**** THE DATA ****

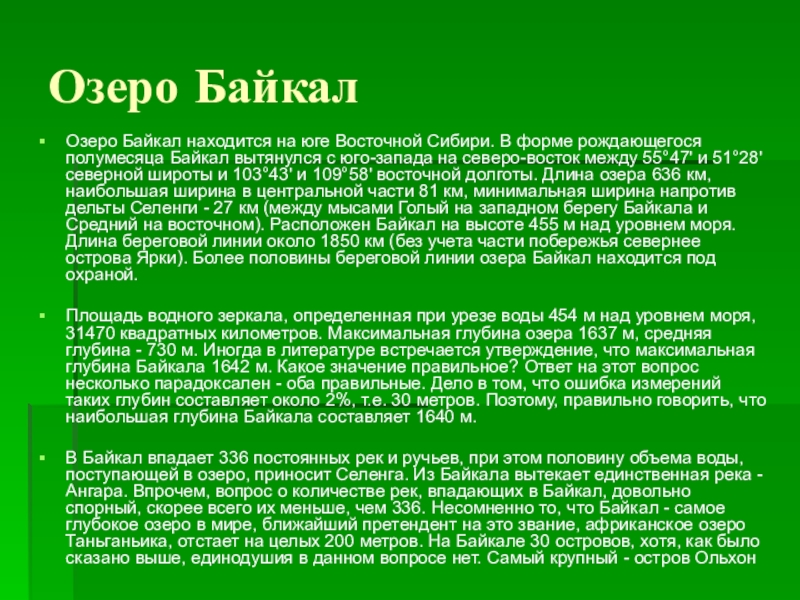 В Байкал впадает 336 постоянных рек и ручьев, при этом половину объема воды, поступающей в озеро, приносит Селенга. Из Байкала вытекает единственная река - Ангара. Впрочем, вопрос о количестве рек, впадающих в Байкал, довольно спорный, скорее всего их меньше, чем 336. Несомненно то, что Байкал - самое глубокое озеро в мире, ближайший претендент на это звание, африканское озеро Таньганьика, отстает на целых 200 метров. На Байкале 30 островов, хотя, как было сказано выше, единодушия в данном вопросе нет. Самый крупный - остров Ольхон
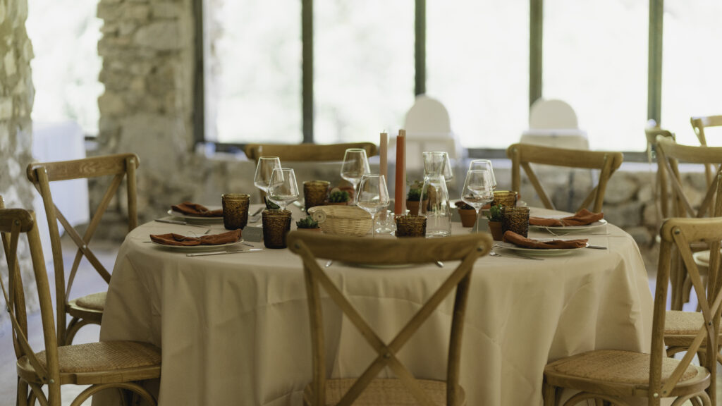C’est cette variation infinie qui donne tant de vie au domaine. Depuis la salle de réception, les baies vitrées ouvrent sur les montagnes environnantes, créant comme un tableau vivant qui accompagne votre soirée. On dîne devant un panorama qu’aucune décoration artificielle ne pourra jamais égaler, et ce sentiment d’être coupés du monde, entourés de nature, donne au mariage une dimension presque cinématographique.
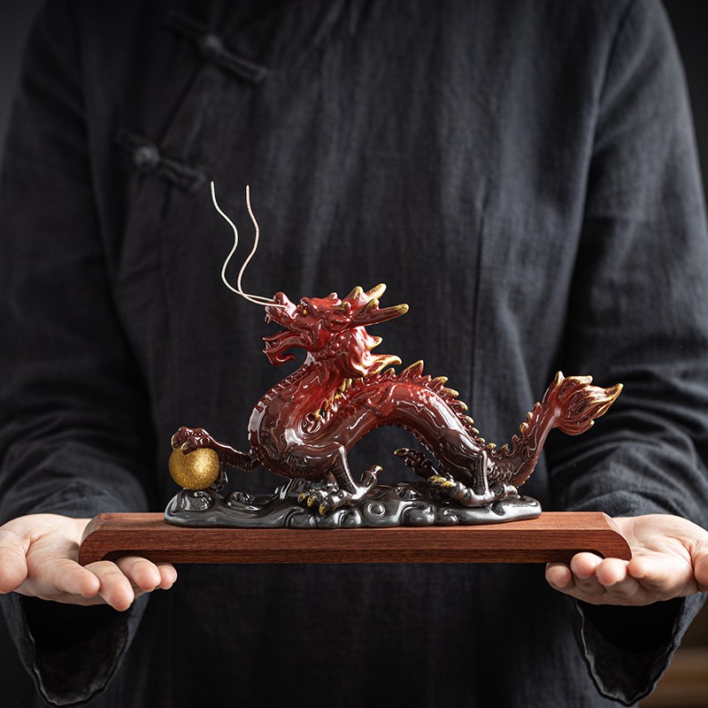 陶瓷龙五爪金龙青龙十二生肖龙客厅办公室家居装饰工艺品摆件汉龙

****

INSTRUCTIONS TO FOLLOW –
Transcribe all data precisely. Pictures are not copied.

REPLY –
 В Байкал впадает 336 постоянных рек и ручьев, при этом половину объема воды, поступающей в озеро, приносит Селенга. Из Байкала вытекает единственная река - Ангара. Впрочем, вопрос о количестве рек, впадающих в Байкал, довольно спорный, скорее всего их меньше, чем 336. Несомненно то, что Байкал - самое глубокое озеро в мире, ближайший претендент на это звание, африканское озеро Таньганьика, отстает на целых 200 метров. На Байкале 30 островов, хотя, как было сказано выше, единодушия в данном вопросе нет. Самый крупный - остров Ольхон
C’est cette variation infinie qui donne tant de vie au domaine. Depuis la salle de réception, les baies vitrées ouvrent sur les montagnes environnantes, créant comme un tableau vivant qui accompagne votre soirée. On dîne devant un panorama qu’aucune décoration artificielle ne pourra jamais égaler, et ce sentiment d’être coupés du monde, entourés de nature, donne au mariage une dimension presque cinématographique.
 陶瓷龙五爪金龙青龙十二生肖龙客厅办公室家居装饰工艺品摆件汉龙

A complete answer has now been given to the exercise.